These conditions still hold today with the house having passed through the London County Council, then to English Heritage who run the house today, with access free of charge and Iveagh’s art collection (with a number of additions) still being on display.
The view from the rear of Kenwood House looking down towards the ‘ponds’ and Ken Wood:
Whilst the view from the rear of the house is mainly obscured by trees, a short distance to the east of the house there is a viewpoint where a panorama of the City across to the BT Tower can be seen shimmering in the haze.
The interior o the house has been carefully restored and the Iveagh art collection is on display in many of the rooms.
There is an English Heritage Volunteer in each of the rooms, who, without exception, had an in-depth knowledge the house.
It was also much cooler inside the house, compared to outside, although talking to the volunteers. the view was that it was a very cold building to work in during the winter.

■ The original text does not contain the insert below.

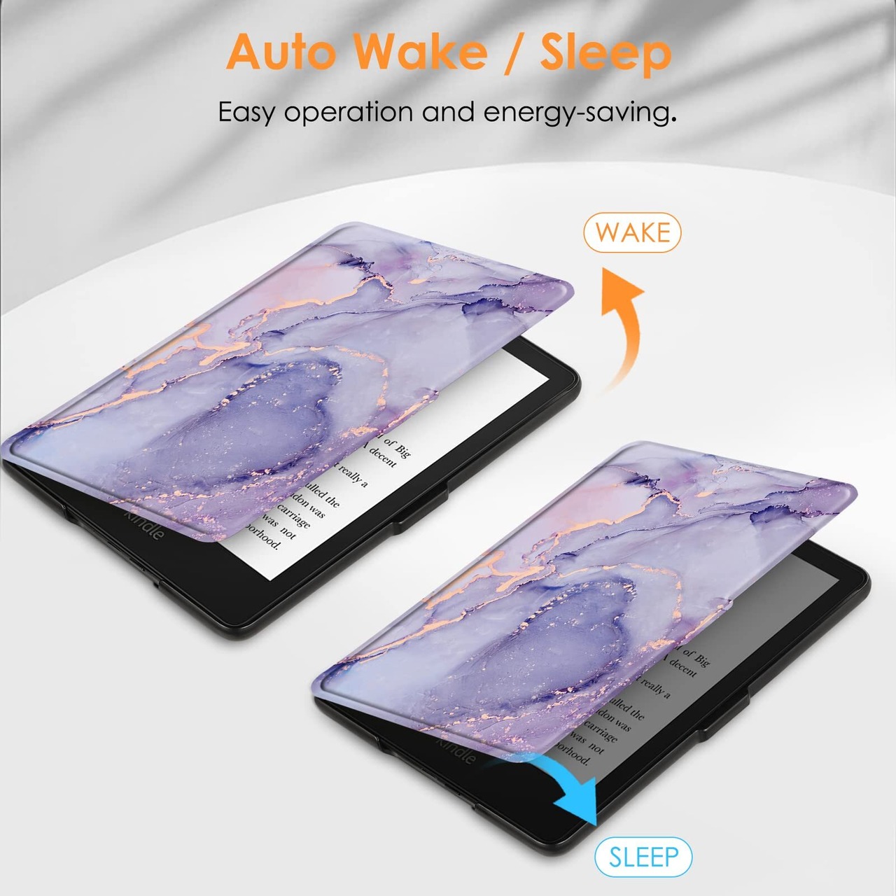 Fintie for Kindle Paperwhite ケース/Paperwhite シグニチャー エディション (第11世代) 2021年発売 6.8インチ 用 保護カバー 軽量 薄型 オートスリープ機能付き(柄Xマーブルパープル)

We walked back to Hampstead Lane by a different path, and spotted a couple of boundary markers by the side of the path. The stone marker was very faded but I think may have been a St. Pancras boundary marker. The metal marker is for Hornsey Parish, and is numbered and includes the names of a number of parish officials.
I have seen a number of these Hornsey Parish boundary markers before, but not this one – I should really have been keeping a list of numbers.
Hampstead Lane was busy with parked cars occupying every available space either side of the road and still plenty of people walking to the heath to enjoy the rather unusual weather for a public holiday. We left Caen Wood, or Ken Wood via Mansfield’s rerouted Hampstead Lane to walk back to Highgate for some much-needed refreshment.
Interesting that the ponds were then called Hampstead ponds, they are now known as Highgate ponds.
I believe that the upper ponds, those two directly below Kenwood House, are known as the Hampstead Ponds (Wood and Thousand Pound Ponds) while those below and to the east (the bathing ponds) are called the Highgate Ponds.
Wonderful post. I’ve visited London a great deal during the past three years, after a long absence having lived there in the ’90s. I make it a point always to visit Parliament Hill and wander farther afield to the Vale of Health and Hill Garden (my favorite place in the area), or up to Kenwood House. The Iveagh Bequest is excellent; I most recently enjoyed it on a rainy Saturday last November. Ian Nairn wrote a pithy and interesting description of the House, the art collection, and Adam’s library in Nairn’s London.
The sham bridge in Wood Pond, which Adam designed, is also a cherished feature of the vista from Kenwood House down across the lawn.
As always, thanks to the author for these posts. I monitor them regularly to get my London fix from far away in the U.S.
I was there just two days earlier and it was stunning; having lived in Hampstead in the late 80s, it was lovely to re-visit but also to feel a bit lost – due to all the growth in the past 30 years. Good that you can still walk the paths marked on Roque’s map.
I hadn’t taken any interest in boundary markers before but today when I went to Kenwood I noticed the one you photographed. I hadn’t realised that Hornsey Parish extended so far to the west.
The boundary between St Pancras (to the south) and Hornsey (and a bit of Finchley) to the north ran along
centre of old Hampstead Lane and of course stayed where it was when the road was shifted, so putting a whole string of markers within the Kenwood grounds and (to the east) other private grounds as far as The Gatehouse pub, where the markers are at the front, where the old road was. There are quite a few markers in the grounds but several are very difficult to find.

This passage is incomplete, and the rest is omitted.